Single by The Friends of Distinction

from the album Grazin'
- A-side: "Let Yourself Go"
- Released: July 1969
- Recorded: December 16, 1968 at RCA's Music Center of the World, Hollywood, California
- Genre: R&B, soul
- Length: 4:32
- Label: RCA Victor 74-0204
- Songwriters: Jerry Peters, Anita Poree
- Producer: John Florez

The Friends of Distinction singles chronology
| "Grazing in the Grass" (1969) | "Going in Circles" (1969) | "Love or Let Me Be Lonely" (1970) |

= Going in Circles =

American R&B Song

"Going in Circles" is a song written by Jerry Peters and Anita Poree, and originally performed by The Friends of Distinction on their 1969 album Grazin', reaching number 15 on the U.S. Hot 100, and number three on the R&B chart. The song has since been covered numerous times by other artists, including Isaac Hayes and Luther Vandross.
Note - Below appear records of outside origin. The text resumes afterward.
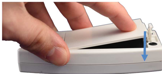
Afbeelding 4: correct sluiten van het klepje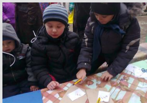
Мастер-класс на празднике «Масленица»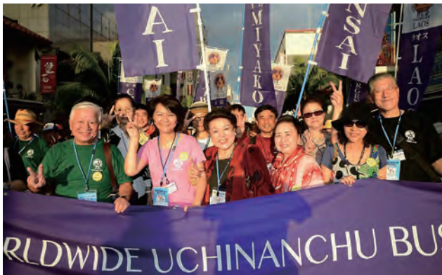
2016年 世界のウチナンチュ大会のパレードにて

72年前の悲惨な戦争を通して強く学んだ平和への希求、平和な国際環境を構築していくにはウチナンチュのチムグクル、ユイマール精神が有用であるとの想いがあります。現在、国際社会は自分が一番、自国が一番と相手や他国を思いやる心が消えかかっているираいがあります。不均衡な経済活動が生む格差社会は貧困問題、精神的荒廃に繋がり争いの要因にもなりうるのです。平和でなければ経済活動を行うことも出来ません。これからはまさに「沖縄“平和経済”宣言」が謳う自分のみならず他者をも尊重し差別や貧困のない多文化共生社会の実現に向けWUB精神を伝播していく時代になります。次世代に向けての壮大なメッセージにもなり得る「沖縄“平和経済”宣言」の採択は本当に意義深かったと思います。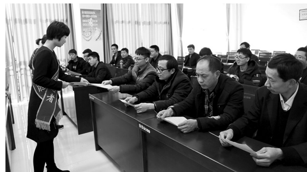
今年4月25日-5月1日是我国第17个《职业病防治法》宣传周。宣传周活动中,榆北煤业曹家滩矿业公司将职业健康知识以“职业病防治文艺演出”的形式搬上舞台,并以微信有奖答题的形式传播于网络,全面提高全员职业防治意识。图为4月30日,该公司抽调专业人员成立联合小组,走进车间、班组,为一线员工讲解职业防治知识。

2018年,陕建机股份公司顺应国家经济政策、产业形势,继续优化产业结构,以提高效益为中心,加强成本管理,提升产品品质,扩大产能产量,同时严格生产经营考核,稳步推进企业发展。具体表现一是公司盈利水平大幅提升,毛利率32.92%,同比增长3.34%;净利率为6.88%,同比增长5.59%;二是资产质量显著改善,销售费用率有所减少,应收账款周转天数、存货周转天数下降。三是经营活动现金流净额3.1亿元,同比增加592%,创历史新高。公司筑路设备及配件销售收入、建筑施工产品租赁收入、筑路施工产品租赁收入、钢结构产品收入等各项经营指标较上年同比大幅增长。(张晋安)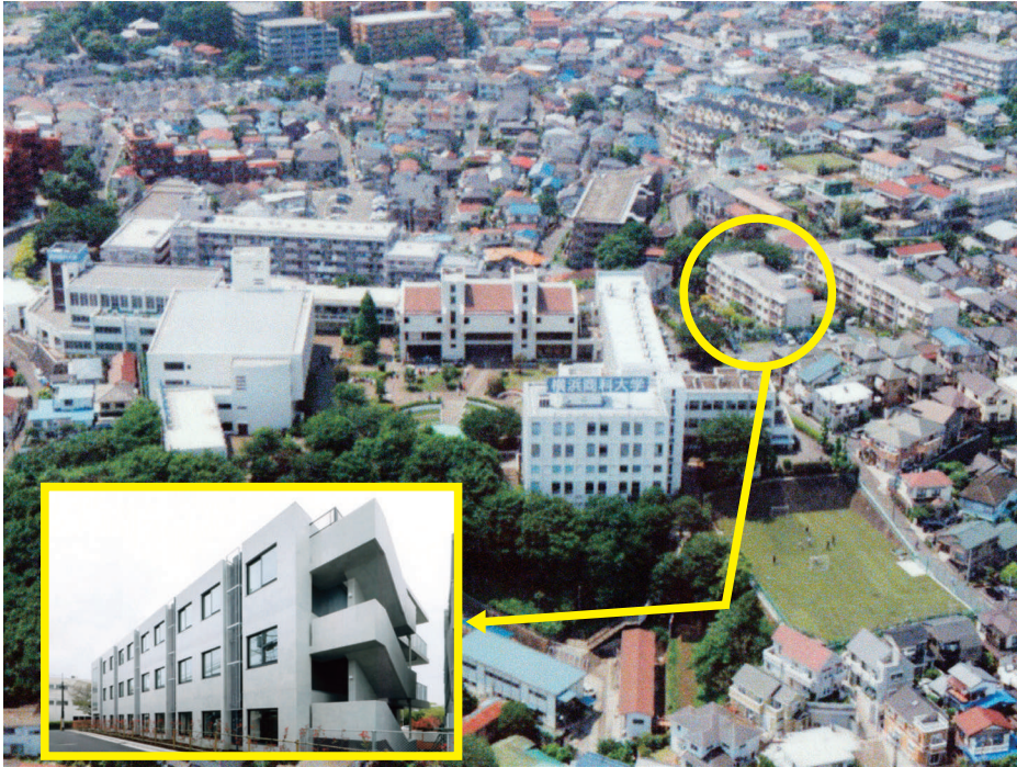
新研究棟は丘の上の眺望を活かした南側と北側に開かれた設計になっており、近隣や1~7号館とのつながりを考えた配置となります。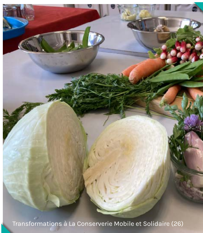
Transformations à La Conserverie Mobile et Solidaire (26)

A noter que contrairement à ce qu'on aurait tendance à penser, la transformation ne peut pas s'adresser à tout type d'invendu. Par exemple, si les tomates cœur de bœuf sont très intéressantes fraîches, d'un point de vue gustatif, leur rendement en coulis est faible du fait de leur haute teneur en eau. Les tomates roma seront donc à privilégier et certains producteurs iront jusqu'à les produire spécifiquement pour la transformation (afin de proposer des coulis dans les paniers de leurs consommateurs, par exemple). Il ne s'agit donc pas d'envisager la transformation seulement comme une alternative au surplus et au gaspillage.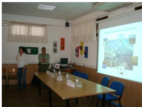
Foto 3 - 2ª Comunicação do Painel I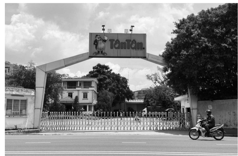
● Công ty Cổ phần Tân Tân.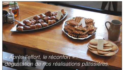
« Après l’effort, le réconfort » : dégustation de nos réalisations pâtisseries.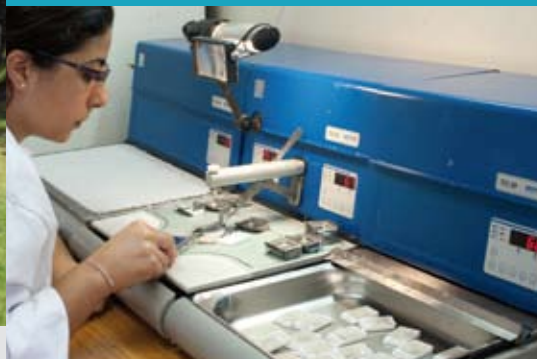
Après Agadir, Casablanca, Rabat, Oujda et Al Hoceima, le programme ACCES s'est étendu à Marrakech et Fès en 2011.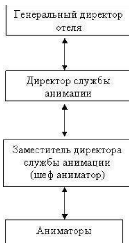
Рисунок 2. Структура менеджмента анимации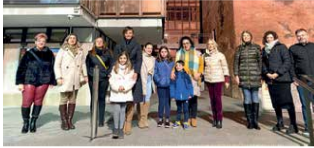
La corporación con la ganadora de la postal.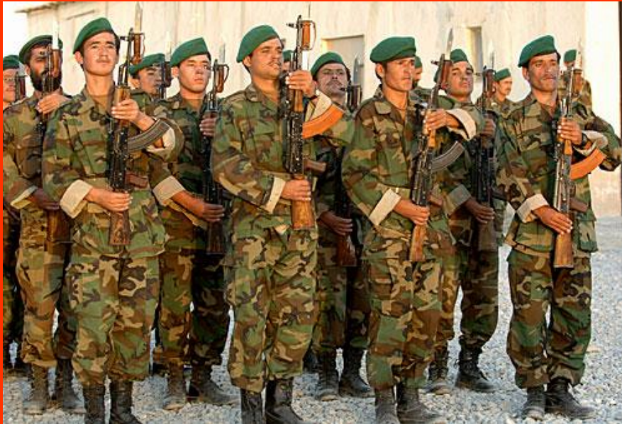
Afghan National Army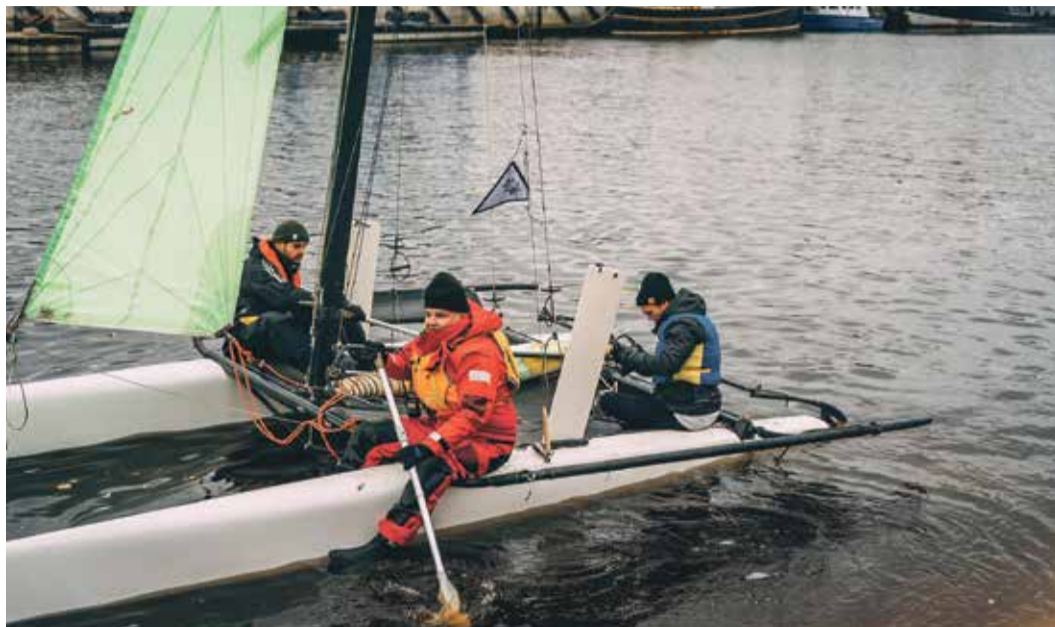
Filmēšanas dienā vējš lika sevi manīt tik ļoti, ka katamarāna komandai (aktierim, operatoram un stūrmanim) nācās mainīt maršrutu un pietuvoties krastam pēc iespējām, nevis paredzētā plāna.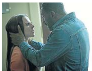
'Sin escrúpulos' NOVA. 22.40 H

En Barcelona, una de las ciudades portuarias de Europa más apreciadas por el tráfico de drogas y la prostitución, Gumer, una chica de 25 años, sale de la cárcel con la idea de formar junto a unas amigas una banda y montar negocios por su cuenta.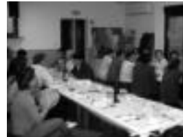
Bedaio. Trikitilariek alaitu zuten Artubiri egindako hamaketakoa. i.c.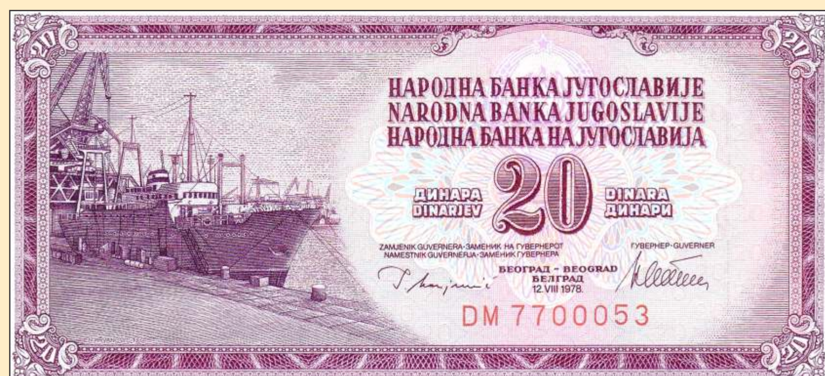
20 ukradenih dinarjev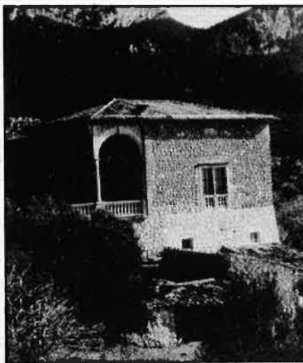
Son Marroig, propietat de l'Arxiduc.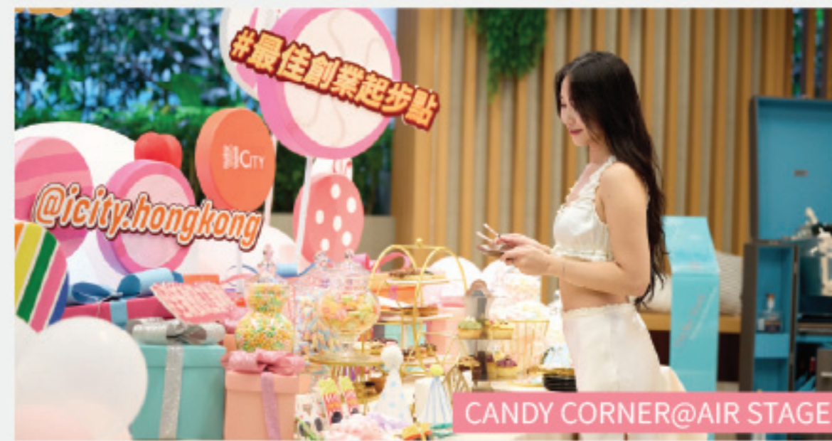
CANDY CORNER@AIR STAGE

In addition, the song's co-composer, Jerry Peters released his own version of the tune on his 1972 solo album Blueprint for Discovery. The Friends of Distinction's original version is an R.I.A.A. Certified Million-Seller. In Canada, the song was the flip of the single "Let Yourself Go", which in turn reached number 34 on the charts, September 6, 1969.

==Chart history==
===Weekly charts===

| Chart (1969) | Peak position |
|---|---|
| Canada RPM | 24 |
| US Billboard Hot 100 | 15 |
| US Billboard Hot Soul Singles | 3 |

===Year-end charts===

| Chart (1969) | Rank |
|---|---|
| U.S. Soul/R&B (Billboard) | 21 |
| U.S. Billboard Hot 100 | 29 |

==Other notable versions==

In 1970 Detroit blue eyed soul band Flaming Ember led by singer Jerry Plunk recorded a cover for the album Westbound #9.

In 1971, American singer/songwriter Issac Hayes did a cover version for the Black Moses album.

In 1985, the American R&B Band The Gap Band, recorded the cover version for the Gap Band VII album.

American R&B/soul singer Luther Vandross released a cover version on his 1994 standards album Songs. In 1995, his cover version was released as the B-side to "Love the One You're With". The song rose to number 28 on Billboards Hot R&B Singles chart.